Much like tidyverse, ggplot is a universe of its own. You could literally make a career focusing on ggplot, but obviously that is outside the scope of what we are trying to do here.

Suffice to say it is the go-to visualization package in R, and it is extremely powerful and robust. While I don’t know if we’ll do a separate post about it, it will (I think) come up naturally throughout this series so I will not dwell on it here. If you want to jump ahead a bit there are a bunch of amazing ggplot resources, such as the R Graph Library.

### What’s Next?

Next we get into (for me anyway) the really fun stuff. We start cleaning the data, creating new variables, and get the data prepped for some machine learning. We’ll dig into the code referenced before that gave us the positional data that we performed EDA on in this post.

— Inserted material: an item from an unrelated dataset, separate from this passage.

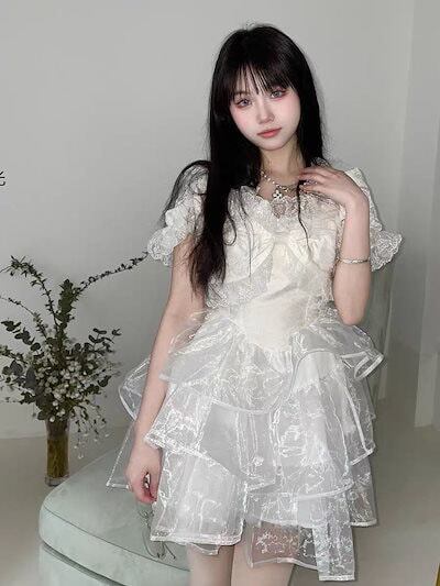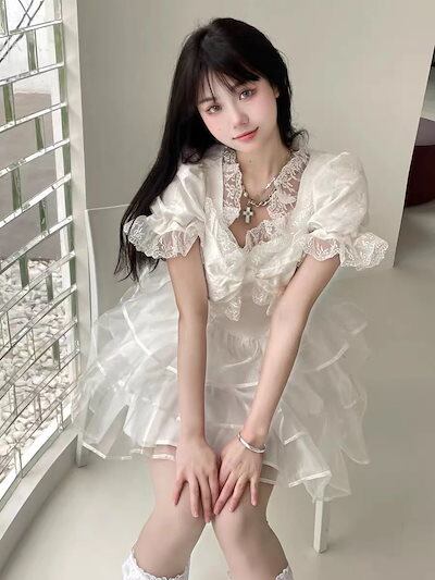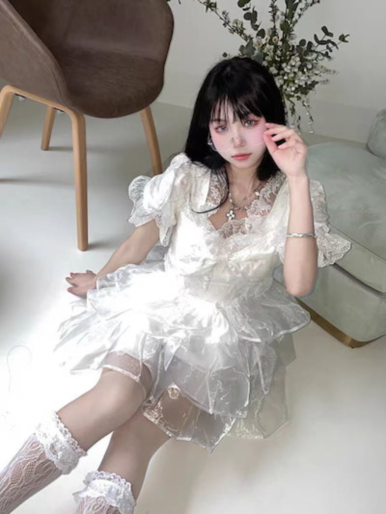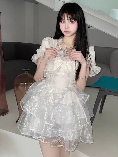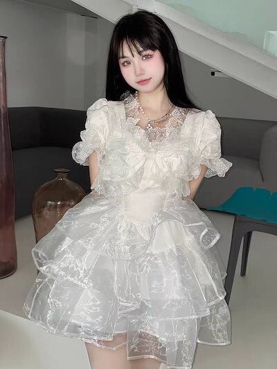 ロリータ コスプレ 2024新作 夏 ロリータ 着痩せ ワンピース ホワイト レース ポンポンスカートサンタコスプレ

The next post will be **much more** of a deep dive into the tidyverse, as well as why we do (and don’t) create new features for our data set.

That’s what’s next!

If this pops it’ll be an awesome series of posts but it’s too soon to tell.

A criminal underrated film.

Even though the `team`

variable is a factor in the real data, I converted it to a character to show how `summary`

works for characters. Going forward it will be a factor.